WORK INSTRUCTIONS
Nothing outside the range is wanted. Repeat exactly the lines below from the one with "Así, aunque la" through the one with "3、身處實(shí)驗(yà".

*** Opening MATERIAL TO PROCESS ***

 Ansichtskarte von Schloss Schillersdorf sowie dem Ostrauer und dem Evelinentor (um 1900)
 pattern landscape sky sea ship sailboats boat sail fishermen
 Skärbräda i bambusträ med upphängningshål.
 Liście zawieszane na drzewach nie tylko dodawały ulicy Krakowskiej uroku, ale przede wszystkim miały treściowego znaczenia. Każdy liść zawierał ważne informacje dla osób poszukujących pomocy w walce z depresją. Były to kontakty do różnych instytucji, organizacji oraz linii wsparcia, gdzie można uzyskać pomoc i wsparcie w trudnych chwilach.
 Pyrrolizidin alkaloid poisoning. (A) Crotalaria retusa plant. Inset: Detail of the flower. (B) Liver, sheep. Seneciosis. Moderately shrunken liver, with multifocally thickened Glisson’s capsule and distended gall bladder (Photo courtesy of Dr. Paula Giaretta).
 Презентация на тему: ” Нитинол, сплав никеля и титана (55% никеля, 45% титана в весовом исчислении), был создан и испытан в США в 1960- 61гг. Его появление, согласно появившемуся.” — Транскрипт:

*** Closing MATERIAL TO PROCESS ***
*** Opening MATERIAL TO PROCESS ***

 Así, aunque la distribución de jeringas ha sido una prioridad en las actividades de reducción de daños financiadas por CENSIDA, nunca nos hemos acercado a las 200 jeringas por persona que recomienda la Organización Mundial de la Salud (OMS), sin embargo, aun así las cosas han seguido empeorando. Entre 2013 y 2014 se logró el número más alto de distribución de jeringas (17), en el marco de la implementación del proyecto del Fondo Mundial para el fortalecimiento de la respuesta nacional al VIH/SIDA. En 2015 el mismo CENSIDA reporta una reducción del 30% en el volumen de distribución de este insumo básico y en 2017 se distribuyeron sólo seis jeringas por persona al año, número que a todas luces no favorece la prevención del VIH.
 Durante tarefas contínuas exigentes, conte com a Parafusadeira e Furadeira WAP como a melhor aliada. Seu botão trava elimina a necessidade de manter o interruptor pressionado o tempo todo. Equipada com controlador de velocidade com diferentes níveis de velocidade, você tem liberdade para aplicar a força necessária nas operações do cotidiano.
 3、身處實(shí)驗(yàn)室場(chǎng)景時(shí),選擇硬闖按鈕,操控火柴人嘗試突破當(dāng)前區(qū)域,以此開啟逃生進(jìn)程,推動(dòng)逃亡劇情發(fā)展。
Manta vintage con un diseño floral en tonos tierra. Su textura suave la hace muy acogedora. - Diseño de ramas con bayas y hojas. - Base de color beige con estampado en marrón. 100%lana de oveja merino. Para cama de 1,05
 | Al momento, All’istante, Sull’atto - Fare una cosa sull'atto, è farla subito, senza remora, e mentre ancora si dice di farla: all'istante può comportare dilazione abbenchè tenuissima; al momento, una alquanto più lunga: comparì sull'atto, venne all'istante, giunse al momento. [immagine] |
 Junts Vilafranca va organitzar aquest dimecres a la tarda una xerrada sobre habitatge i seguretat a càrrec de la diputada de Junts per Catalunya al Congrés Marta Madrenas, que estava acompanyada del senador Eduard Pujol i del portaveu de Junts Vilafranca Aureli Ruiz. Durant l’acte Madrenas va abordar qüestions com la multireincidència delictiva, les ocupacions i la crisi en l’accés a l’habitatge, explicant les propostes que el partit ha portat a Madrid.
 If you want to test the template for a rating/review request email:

*** Closing MATERIAL TO PROCESS ***

ANSWER BOX
 Así, aunque la distribución de jeringas ha sido una prioridad en las actividades de reducción de daños financiadas por CENSIDA, nunca nos hemos acercado a las 200 jeringas por persona que recomienda la Organización Mundial de la Salud (OMS), sin embargo, aun así las cosas han seguido empeorando. Entre 2013 y 2014 se logró el número más alto de distribución de jeringas (17), en el marco de la implementación del proyecto del Fondo Mundial para el fortalecimiento de la respuesta nacional al VIH/SIDA. En 2015 el mismo CENSIDA reporta una reducción del 30% en el volumen de distribución de este insumo básico y en 2017 se distribuyeron sólo seis jeringas por persona al año, número que a todas luces no favorece la prevención del VIH.
 Durante tarefas contínuas exigentes, conte com a Parafusadeira e Furadeira WAP como a melhor aliada. Seu botão trava elimina a necessidade de manter o interruptor pressionado o tempo todo. Equipada com controlador de velocidade com diferentes níveis de velocidade, você tem liberdade para aplicar a força necessária nas operações do cotidiano.
 3、身處實(shí)驗(yàn)室場(chǎng)景時(shí),選擇硬闖按鈕,操控火柴人嘗試突破當(dāng)前區(qū)域,以此開啟逃生進(jìn)程,推動(dòng)逃亡劇情發(fā)展。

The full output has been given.